When the worries of the day are washed away by activities of the night, distant bitter and sweet memories can rise to the surface of one’s consciousness. The march of time conjured in the enigmatically titled Powder Monkies, and the carefree childlike dreaminess it paints, acts as a evocative foreshadow for the beautifully conceived Mother that appears later in the album. From the two note falling melody, “mo – ther,” that opens the track, to its emotional climax, this penetratingly sumptuous ballad themed on the most fundamental and complex of human relationships, is a musical tour-de-force. Featuring Young’s lyrically virtuosic trombone, with brilliant contributing solos from Manusama and Benton (and outstanding ensemble playing by all), Mother demonstrates what a tight-knit and mature syndicate this band truly is, despite its relatively recent formation.
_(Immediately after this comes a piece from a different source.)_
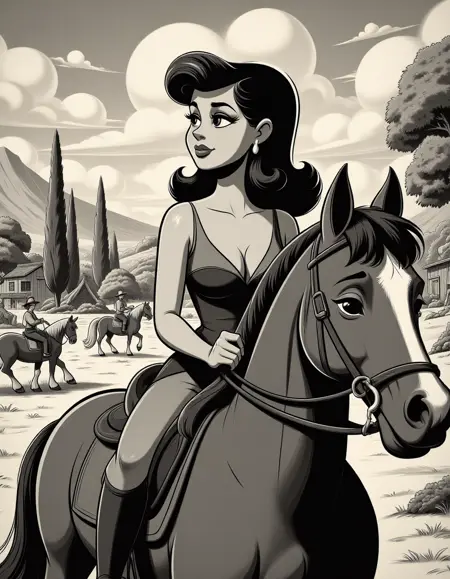 "흑백 빈티지 만화" 스타일은 20세기 중반의 고전 애니메이션 아트를 연상시키는 흑백 애니메이션의 정수를 담고 있습니다. 부드러운 선, 단순한 음영, 표현력 풍부한 캐릭터가 특징이며, 큰 눈이나 과장된 제스처 같은 특징이 자주 등장하며懷舊적인 배경에 배치됩니다. 단색 팔레트는 색상에 의존하지 않고 빛과 그림자로 깊이와 대비를 강조합니다. 이 스타일은 깔끔하고 스타일리시한 형태로 시대를 초월한 매력과 우아함을 불러일으키며, 쾌적하거나 기묘한 분위기의 스토리텔링에 자주 사용됩니다.

With, BS’n, Saladin, and Naw, Bassment Syndicate elucidates that although it has a penchant for cross-stylistic experimentation, their roots are firmly planted in jazz, (particularly in the classic pop-funk-jazz fusion heralded by Miles Davis and his bands of the 1970s). BS’n, with its 70s funk groove, replete with classic guitar pedal effects in combination with extended harmonies and angular solos, and Saladin led in tandem by Azmi’s driving backbeat and Fook’s (who is featured in a tightly-conceived, virtuosic solo) energetic slapbass technique, these two tunes are also vehicles for Young’s formidable skills as an improviser. Naw, with its morning misty richness, supplied by the rhythm section, features Young on a Bill Evan’s inspired piano in dialogue with Benton’s electronic keyboard vocalizing.
The ebullient Polaroid, rounds out this remarkable album, and captures the unbridled joy of waking up to a new day, fresh with possibility. This sunrise snapshot is apt metaphor for Bassment Syndicate’s fantastic debut, and the diversely vibrant, multifaceted South East Asian musical scene they represent.